Looking at this in an optimistic light, this is a teething problem, though you might also say it could have been avoided had Maguire been signed in the first weeks of pre-season rather than the last days of it, so the defenders could get used to playing alongside each other. Again, if that isn’t the issue, and it’s a sign of a deeper problem, then that is more concerning.
The Januzaj effect
This isn’t a reflection of the quality of Mason Greenwood, who looks to have more talent than Adnan Januzaj had, but more a summary of United’s issues in the last five years.
The fantastic young players who broke through in years gone by came in to a squad with the right attitude but since David Moyes was manager, the structure has not quite been the same. The appealing prospects have been given chances but in times of desperation where inappropriate pressure has been pushed on to their shoulders.
Januzaj was given the chance after failure to sign an attacking player in that role (the spectacular failure to sign Bale, for example). He was exposed to too much first team football and didn’t make that step up.
You might even make the same argument for Marcus Rashford, but United are stuck playing him as the leading player, and there is no guarantee of him developing into the player worthy of leading the line for the club; there is hope, but he is still a work in progress.
And now with Rashford and James and Lingard pushed as starting players who don’t have the experience of actually leading United at the highest level. They should be the players coming in to make the difference for more experienced players, but such is life, and such has been the terrible transfer strategy that those experienced players have been Lukaku and Sanchez. Neither of those players were good enough.

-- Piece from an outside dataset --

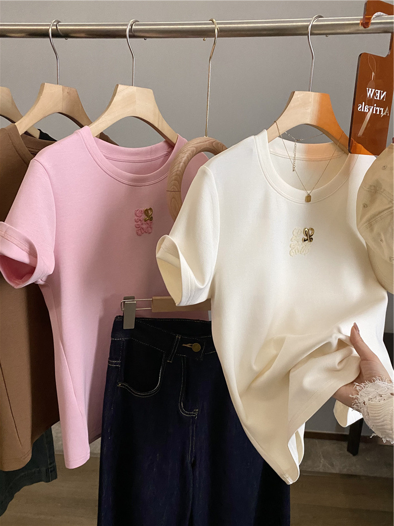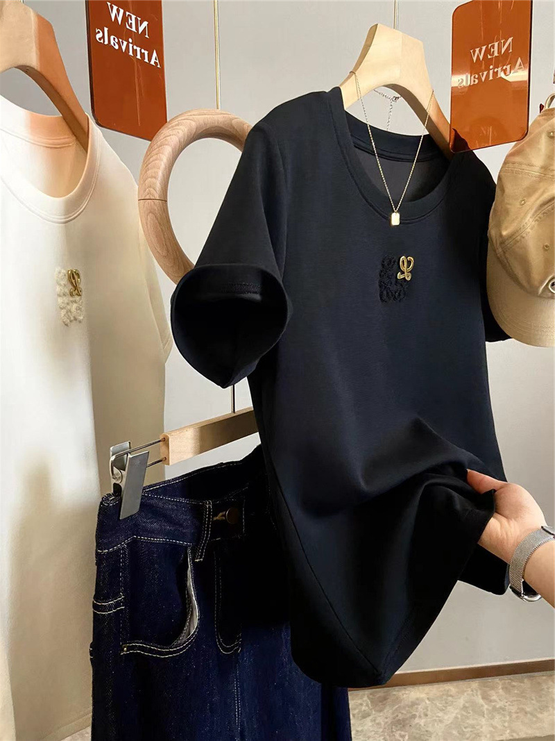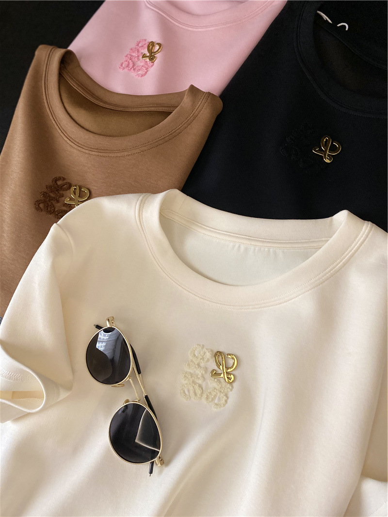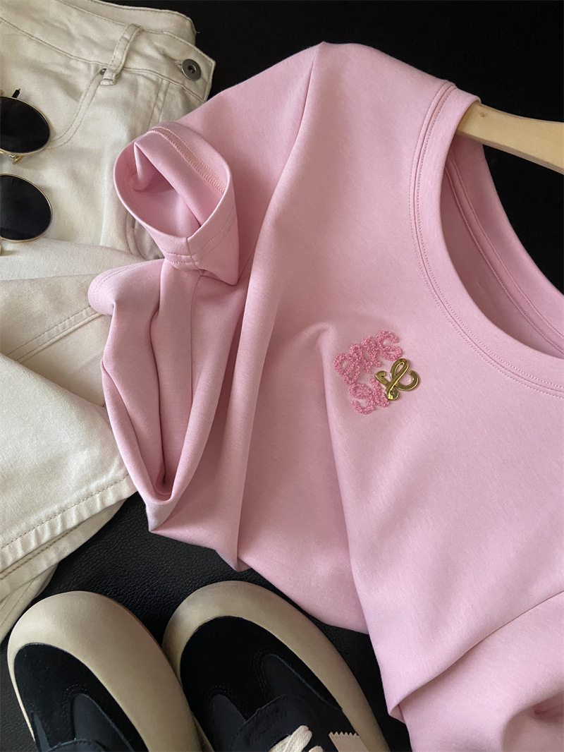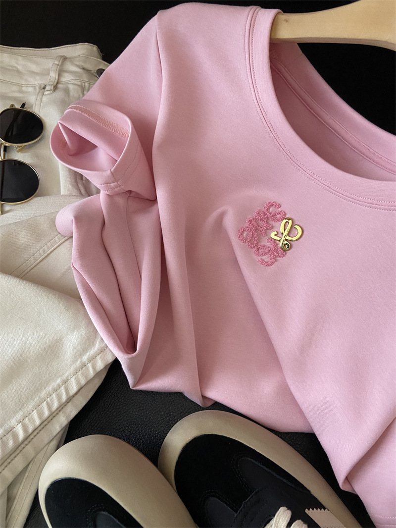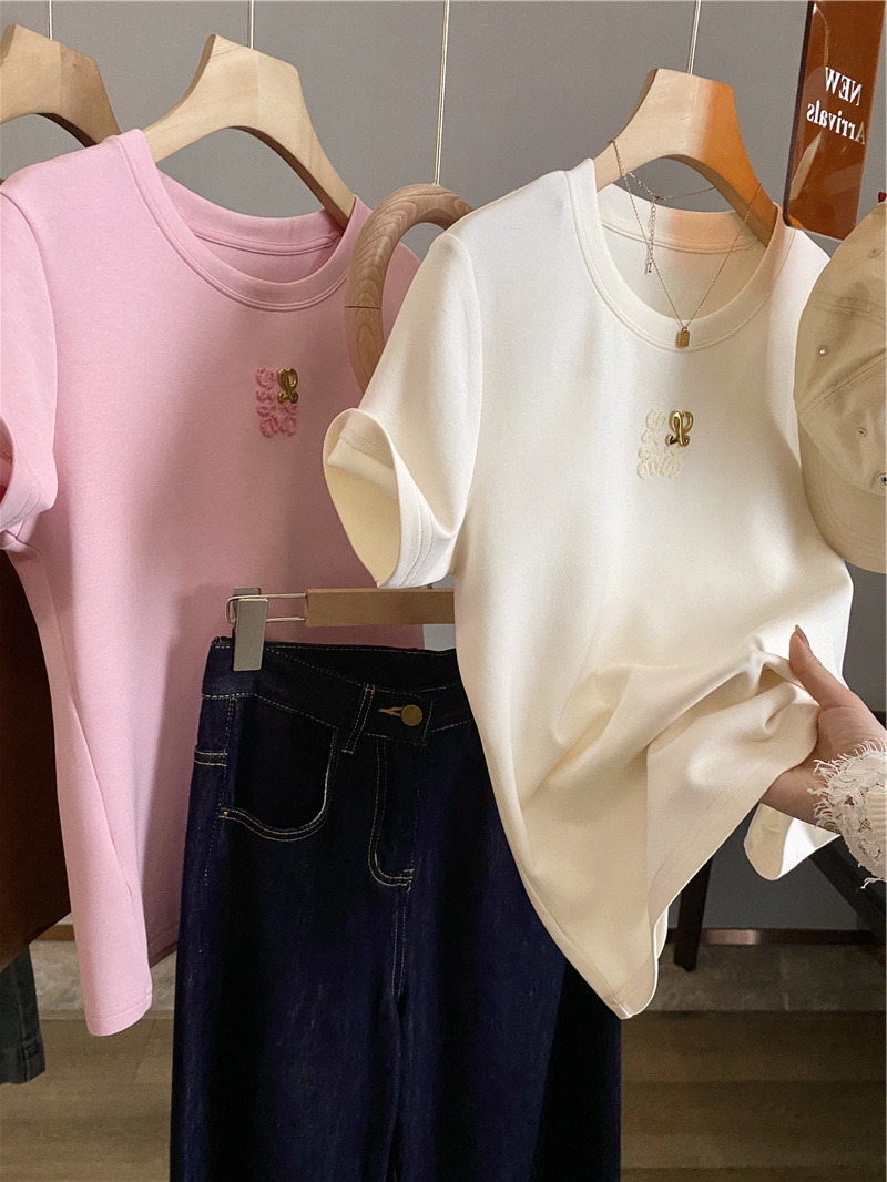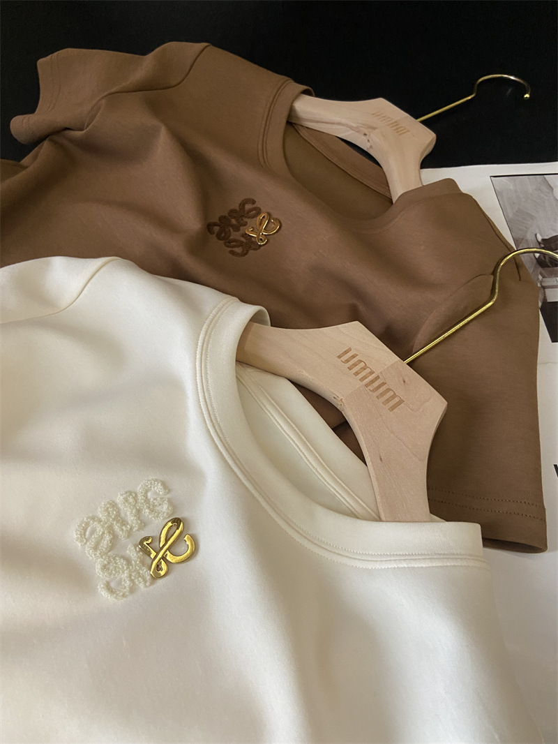 Moneka 중공업 타월 자수 캐주얼 크루 넥 반팔 티셔츠 여성의 2024 년 새 여름 느슨한 반소매 탑 Ins스토어 가기

The mean position for these players is sixth; it is worrying that Greenwood will be next in to try and elevate prospects and hopes. He does have the potential but runs the risk of becoming burdened with it.
No excuse for the game because United lost and had the embarrassing subplot of the penalty farce continuing but you do have to look at the suspect refereeing and wonder what part VAR is meant to play. Gary Cahill should have been sent off and Anthony Martial was felled by Kelly for an earlier penalty, or what should have been.
VAR was meant to be the best solution and might work out the numerous kinks but at the moment it seems to be the very worst of all possible scenarios, with confusion over interpretation with rules needing to be explained, errors still being made and many debatable decisions still not fully being explained. Is it worth the disruption?